====== Data for this task ======
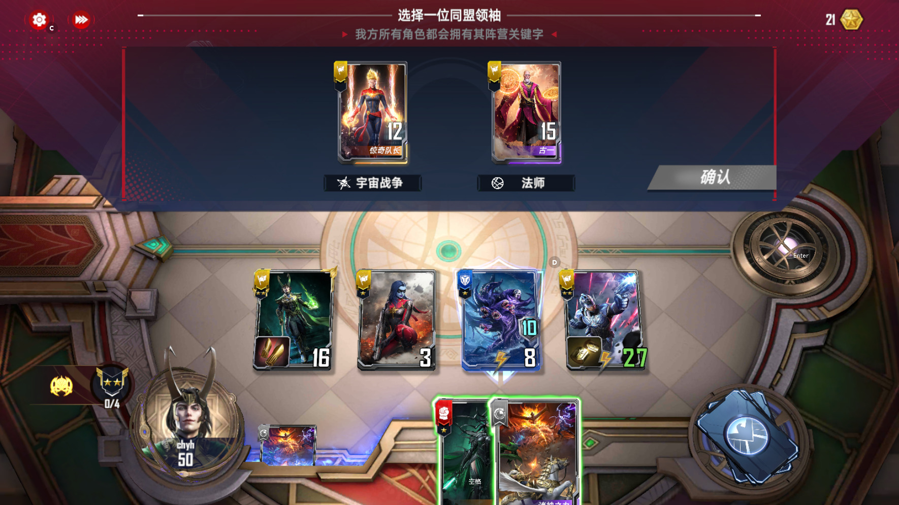 诱导目标:玛威尔。这算是比较典型的失败案例,也是我一开始玩冒险的时的困惑之一——我场上全是宇宙战争为啥不给玛威尔??他可不是乱发的啊,他这是有备而来首先我方攻击最高的+15的4星罗格和奥丁并没有携带武器,一村对局中造成了大量物理伤害,符合绿魔的诱导条件。而且这个阵容嘲讽死掉后罗格经常一打多,造成物理伤害的同时召唤大量士兵,士兵又会触发亡语,所以整个一村打完我们的主要行为就是物理伤害(绿魔)+亡语(大宗师),技能伤害较少,这样就算场上全宇宙战争也是不会发玛威尔的,而是发对应的绿魔和大宗师。
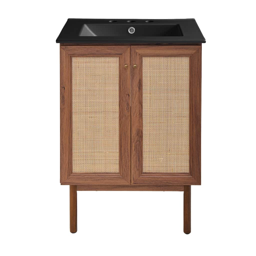 Classe 24 In. Oak Bathroom Vanity With Black Ceramic Sink Top
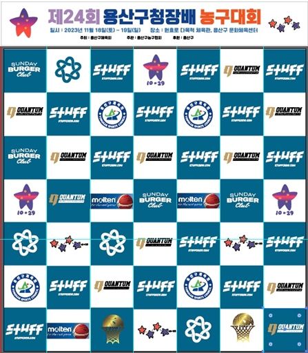 용산구 농구협회에서 제작한 '제24회 용산구청장배 농구대회' 현수막. 용산구 측이 '구청장배 체육대회 취지에 맞지 않는다'는 이유로 변경을 요청, 농구대회 당일에는 추모의 별이 없는 현수막이 올라갔다. [사진= 농구협회 제공] |
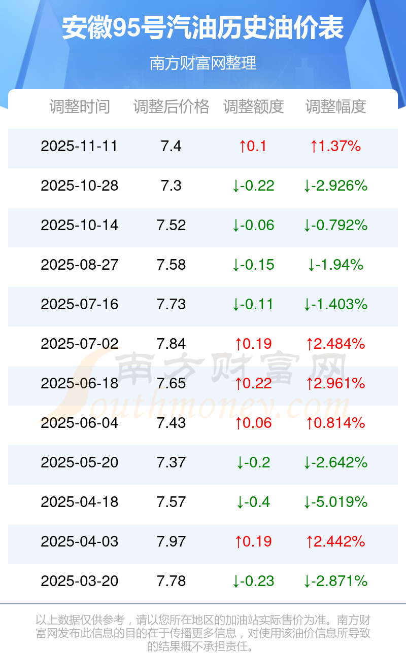 11月15日,安徽95号汽油的价格是7.4元每升,本次的调整时间为11月11日,对比上次的调整涨了0.1元,涨1.37%,11月24日24时为下一轮油价调整时间,还有9.77天。
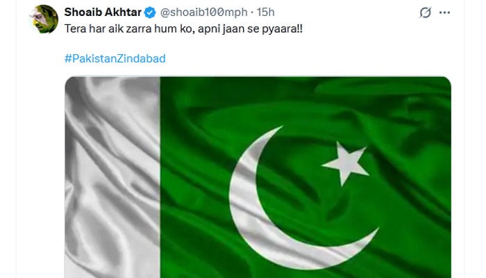 علاوہ ازیں سابق فاسٹ بولر شعیب اختر نے سوشل میڈیا پر اکاؤنٹ پر قومی پرچم کی تصویر پوسٹ کر کے لکھا کہ تیرا ہر ایک ذرہ ہم کو اپنی جان سے پیارا
======
__Problem statement__. Retype each entry exactly as it appears, excluding any image.

__Answer space__.
 诱导目标:玛威尔。这算是比较典型的失败案例,也是我一开始玩冒险的时的困惑之一——我场上全是宇宙战争为啥不给玛威尔??他可不是乱发的啊,他这是有备而来首先我方攻击最高的+15的4星罗格和奥丁并没有携带武器,一村对局中造成了大量物理伤害,符合绿魔的诱导条件。而且这个阵容嘲讽死掉后罗格经常一打多,造成物理伤害的同时召唤大量士兵,士兵又会触发亡语,所以整个一村打完我们的主要行为就是物理伤害(绿魔)+亡语(大宗师),技能伤害较少,这样就算场上全宇宙战争也是不会发玛威尔的,而是发对应的绿魔和大宗师。
 Classe 24 In. Oak Bathroom Vanity With Black Ceramic Sink Top
 용산구 농구협회에서 제작한 '제24회 용산구청장배 농구대회' 현수막. 용산구 측이 '구청장배 체육대회 취지에 맞지 않는다'는 이유로 변경을 요청, 농구대회 당일에는 추모의 별이 없는 현수막이 올라갔다. [사진= 농구협회 제공] |
 11月15日,安徽95号汽油的价格是7.4元每升,本次的调整时间为11月11日,对比上次的调整涨了0.1元,涨1.37%,11月24日24时为下一轮油价调整时间,还有9.77天。
 علاوہ ازیں سابق فاسٹ بولر شعیب اختر نے سوشل میڈیا پر اکاؤنٹ پر قومی پرچم کی تصویر پوسٹ کر کے لکھا کہ تیرا ہر ایک ذرہ ہم کو اپنی جان سے پیارا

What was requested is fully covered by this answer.